Ordered that the order is affirmed, without costs or disbursements.

“[A] petition is the sole instrument for the commencement, prosecution, and adjudication of [a] juvenile delinquency proceeding” (Matter of Detrece H., 78 NY2d 107, 110 [1991]), and it must include, among other things, “a plain and concise factual statement in each count which, without allegations of an evidentiary nature, asserts facts supporting every element of the crime charged and the respondent’s commission thereof with sufficient precision to clearly apprise the respondent of the conduct which is the subject of the accusation” (Family Ct Act § 311.1 [3] [h]; see Matter of Edwin O., 91 AD3d 654 [2012]). A petition is sufficient on its face when “the allegations of the factual part of the petition, together with those of any supporting depositions which may accompany it, provide reasonable cause to believe that the respondent committed the crime or crimes charged,” and the “non-hearsay allegations of the factual part of the petition or of any supporting depositions establish, if true, every element of each crime charged and the respondent’s commission thereof’ (Family Ct Act § 311.2 [3]; see § 311.2 [2]; Matter of Jahron S., 79 NY2d 632, 635 [1992]; Matter of Edwin O., 91 AD3d 654 [2012]).

Here, the petition alleged that the respondent committed acts which, if committed by an adult, would constitute the crimes of riot in the second degree (Penal Law § 240.05) and unlawful assembly (Penal Law § 240.10).

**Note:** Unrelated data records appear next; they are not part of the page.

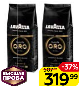
Кофе LAVAZZA® Оро в зернах, 250 г
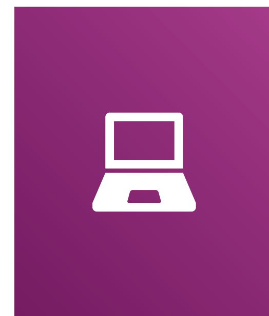
EINSATZ DIGITALER MEDIEN IM UNTERRICHT
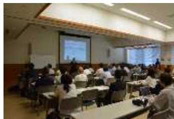
集客アップ戦略セミナー
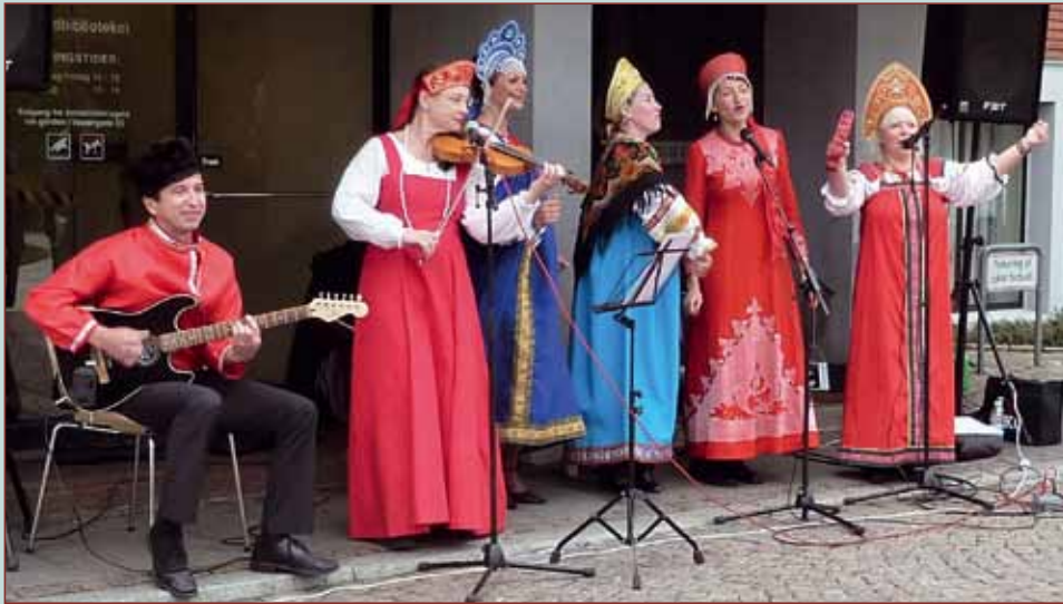
Det russiske kor Kalinka var et af flere musikalske indslag i Mølleparken
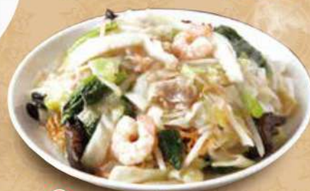
TAKE OUT 皿うどん 750円 (税込)
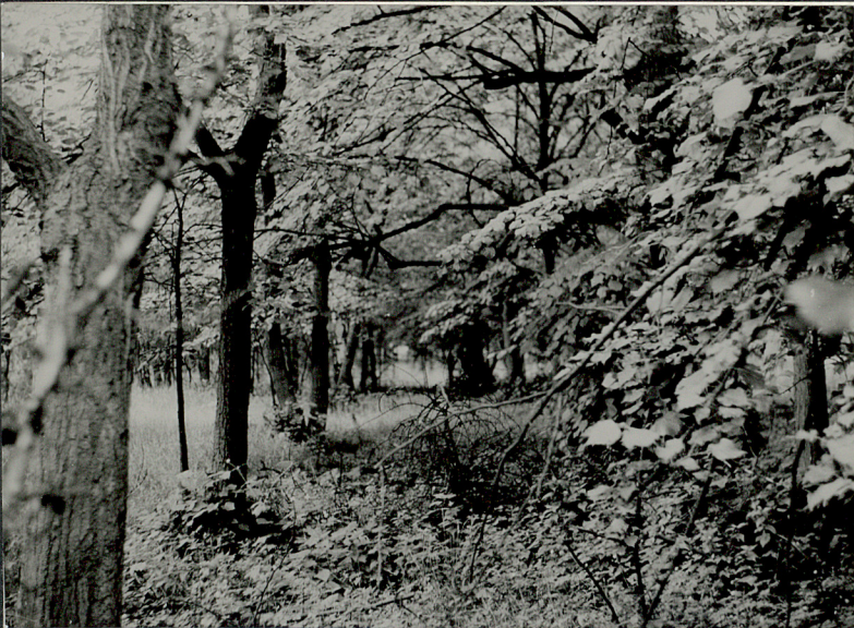
1. Aleja lipowa

In a supporting affidavit, the arresting officer stated that, on a public street in Brooklyn, he observed two large groups of individuals, one of which included the respondent, facing each other and “threatening” each other. The officer affirmed that some individuals were “reaching for *1120their waistbands,” and other individuals possessed a golf club, a broomstick, and a belt. When the police attempted to disperse the groups, one individual threw a glass bottle, which shattered on the ground near the police.

These allegations were facially insufficient as to the charge against the respondent of riot in the second degree because they failed to state any act of tumultuous or violent conduct engaged in by him. Moreover, because the petition merely alleged that the respondent was present at the scene, and did not allege facts specific to the respondent from which it may be inferred that he shared a community of purpose with others to engage in violent and tumultuous conduct, the requirements for accessorial liability were not met (see Penal Law § 20.00; People v La Belle, 18 NY2d 405, 412 [1966]; People v White, 178 AD2d 452, 453 [1991]; People v Cummings, 131 AD2d 865, 866-867 [1987]). Accordingly, the count alleging riot in the second degree was properly dismissed.

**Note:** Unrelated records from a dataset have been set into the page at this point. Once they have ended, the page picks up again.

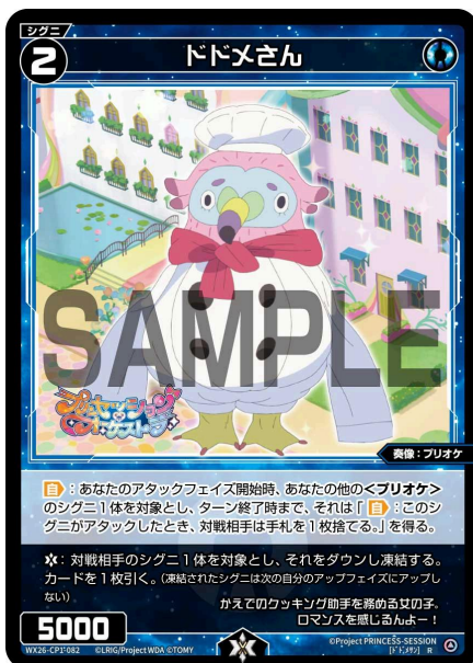
ドドメさん 青 シグニ レベル2 <奏像：プリオケ> パワー5000

【自】：あなたのアタックフェイズ開始時、あなたの他の<プリオケ>のシグニ1体を対象とし、ターン終了時まで、それは「【自】：このシグニがアタックしたとき、対戦相手は手札を1枚捨てる。」を得る。
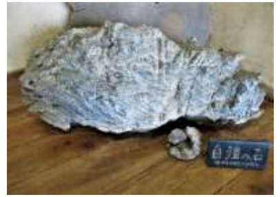
「自分から努力して頑張る子になってほしい」という願いが込められている（PTAより）
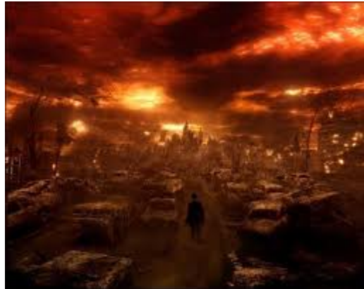
Vista del reino de Mordor, paraje de llamas y cenizas donde se reúne la CEOE(x)

No habiendo más asuntos que tratar, se levanta la sesión y los asistentes pasan a devorar unos asalariados afectados por Expediente de Regulación de Empleo.
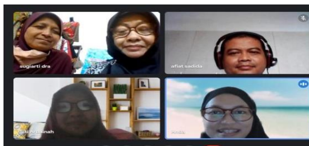
Gambar 10: Pelatihan Harga Pokok Produksi

Pelatihan Harga Pokok Produksi dan pelatihan Pemasaran dilakukan secara online.
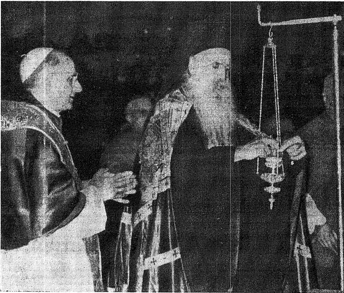
Patriarhul ecumenic Athenagoras aprinde în «Confesionalul» din Basilica Sfântului Petru pretioasa «candelă» pe care a donat-o Mormântului Sf. Petru.

Un adevărat delir de aplauze și de ovatii, ritmat de dangătul solemn al clopotelor Bazilicii vaticane sunate «în dublu», ca la Paști, au salutat intrarea Sanctității Sale Patriarhul Athenagoras I în atrium-ul Templului Crestinătății, unde, transfigurat de emoție, îl aștepta Papa.

The petition was also facially insufficient as to the count alleging unlawful assembly. Other than the respondent’s mere presence at the scene, there are no specific allegations that link him to the conduct and purpose of the group and nothing alleged that supports an inference that he shared a community of purpose with others to engage in or prepare to engage in tumultuous and violent conduct (see Penal Law § 20.00; People v La Belle, 18 NY2d 405 [1966]; cf. Matter of Barbara M., 298 AD2d 288 [2002]; Matter of Donovan B., 278 AD2d 95, 95-96 [2000]).

Accordingly, the Family Court properly dismissed the petition for facial insufficiency. Skelos, J.P, Florio, Eng and Roman, JJ., concur. [Prior Case History: 29 Misc 3d 1096.]